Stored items
:::::

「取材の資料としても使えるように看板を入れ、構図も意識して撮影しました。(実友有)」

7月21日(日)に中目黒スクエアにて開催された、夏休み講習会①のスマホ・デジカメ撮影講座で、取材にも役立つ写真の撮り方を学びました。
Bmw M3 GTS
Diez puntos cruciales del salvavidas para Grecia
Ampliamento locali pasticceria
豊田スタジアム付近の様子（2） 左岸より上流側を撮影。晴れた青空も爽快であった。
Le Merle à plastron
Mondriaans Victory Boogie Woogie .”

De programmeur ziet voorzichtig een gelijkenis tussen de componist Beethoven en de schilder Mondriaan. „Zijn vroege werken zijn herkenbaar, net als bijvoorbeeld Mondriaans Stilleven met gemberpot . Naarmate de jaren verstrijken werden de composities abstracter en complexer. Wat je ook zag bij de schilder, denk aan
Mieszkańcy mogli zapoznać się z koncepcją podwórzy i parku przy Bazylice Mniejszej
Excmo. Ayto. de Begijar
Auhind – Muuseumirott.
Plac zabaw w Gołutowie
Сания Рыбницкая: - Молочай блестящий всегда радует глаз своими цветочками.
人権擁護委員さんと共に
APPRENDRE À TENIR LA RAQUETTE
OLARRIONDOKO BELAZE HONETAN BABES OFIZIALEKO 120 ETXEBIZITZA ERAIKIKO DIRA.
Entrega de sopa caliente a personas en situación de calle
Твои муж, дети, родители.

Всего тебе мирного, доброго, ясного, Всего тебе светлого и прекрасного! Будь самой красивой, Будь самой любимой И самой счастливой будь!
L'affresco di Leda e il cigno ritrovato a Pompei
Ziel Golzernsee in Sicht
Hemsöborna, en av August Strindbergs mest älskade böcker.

:::::

Beginning with the first line above, could you copy every line exactly, up to and including the one with "Mondriaans Victory Boogie"?

Completed task -
「取材の資料としても使えるように看板を入れ、構図も意識して撮影しました。(実友有)」

7月21日(日)に中目黒スクエアにて開催された、夏休み講習会①のスマホ・デジカメ撮影講座で、取材にも役立つ写真の撮り方を学びました。
Bmw M3 GTS
Diez puntos cruciales del salvavidas para Grecia
Ampliamento locali pasticceria
豊田スタジアム付近の様子（2） 左岸より上流側を撮影。晴れた青空も爽快であった。
Le Merle à plastron
Mondriaans Victory Boogie Woogie .”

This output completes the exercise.